* **TASK PROMPT**
For the material below, reproduce exactly each line from the one that has "Line & Dot's" through the one that has "This paper establishes", and no others; pictures stay out.

* **MATERIAL TO PROCESS**
+-------+

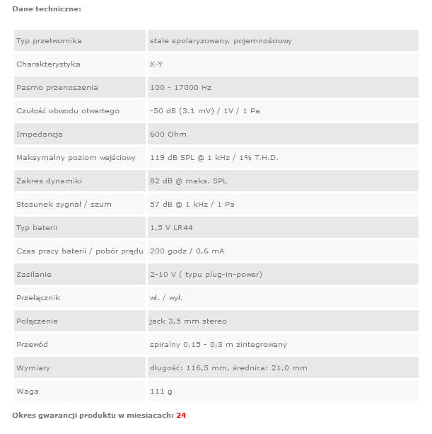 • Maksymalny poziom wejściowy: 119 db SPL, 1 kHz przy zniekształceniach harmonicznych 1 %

+-------+

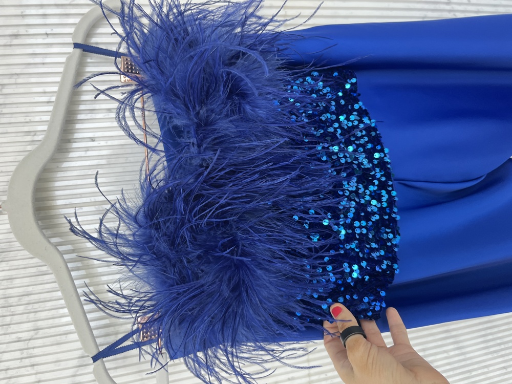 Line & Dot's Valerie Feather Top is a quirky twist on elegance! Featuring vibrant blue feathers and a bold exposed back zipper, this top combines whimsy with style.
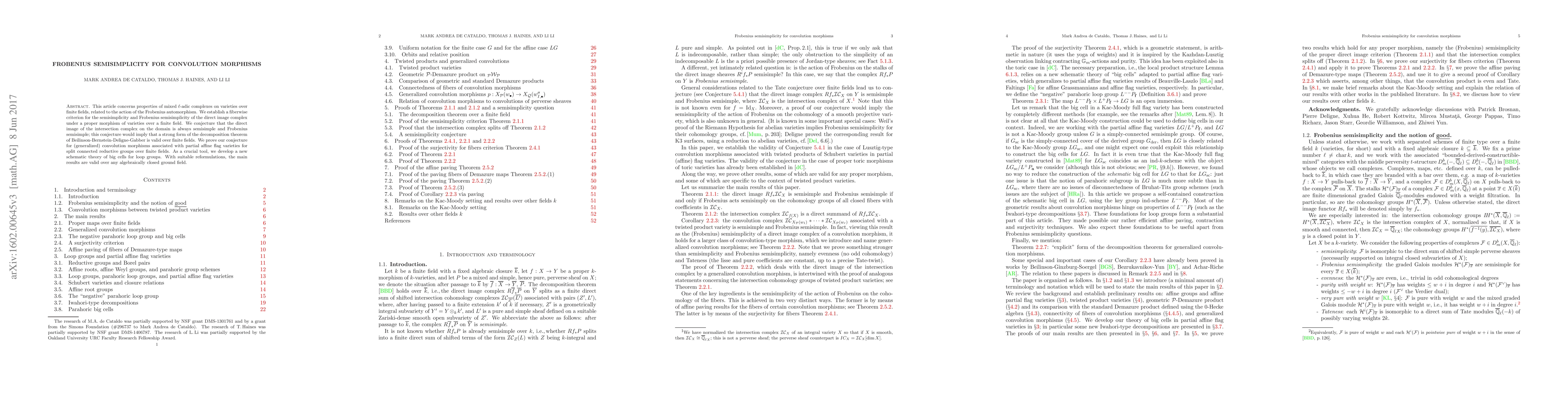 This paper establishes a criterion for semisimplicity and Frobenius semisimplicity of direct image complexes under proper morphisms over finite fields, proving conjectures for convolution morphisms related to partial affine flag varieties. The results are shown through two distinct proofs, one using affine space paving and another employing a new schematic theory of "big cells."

+-------+

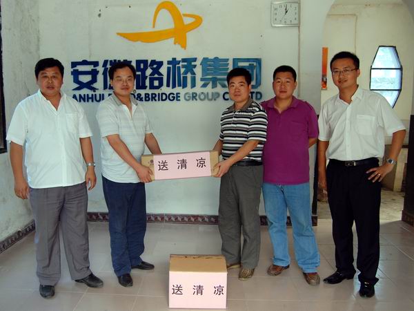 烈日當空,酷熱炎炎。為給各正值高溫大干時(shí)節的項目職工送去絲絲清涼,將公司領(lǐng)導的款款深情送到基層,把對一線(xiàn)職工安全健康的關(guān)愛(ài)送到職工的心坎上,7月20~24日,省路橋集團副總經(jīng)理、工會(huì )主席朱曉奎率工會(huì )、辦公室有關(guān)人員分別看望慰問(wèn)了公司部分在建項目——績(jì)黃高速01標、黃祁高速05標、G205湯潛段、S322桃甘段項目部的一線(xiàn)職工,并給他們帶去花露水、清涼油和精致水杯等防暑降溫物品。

+-------+

* **TASK RESULT**
 Line & Dot's Valerie Feather Top is a quirky twist on elegance! Featuring vibrant blue feathers and a bold exposed back zipper, this top combines whimsy with style.
 This paper establishes a criterion for semisimplicity and Frobenius semisimplicity of direct image complexes under proper morphisms over finite fields, proving conjectures for convolution morphisms related to partial affine flag varieties. The results are shown through two distinct proofs, one using affine space paving and another employing a new schematic theory of "big cells."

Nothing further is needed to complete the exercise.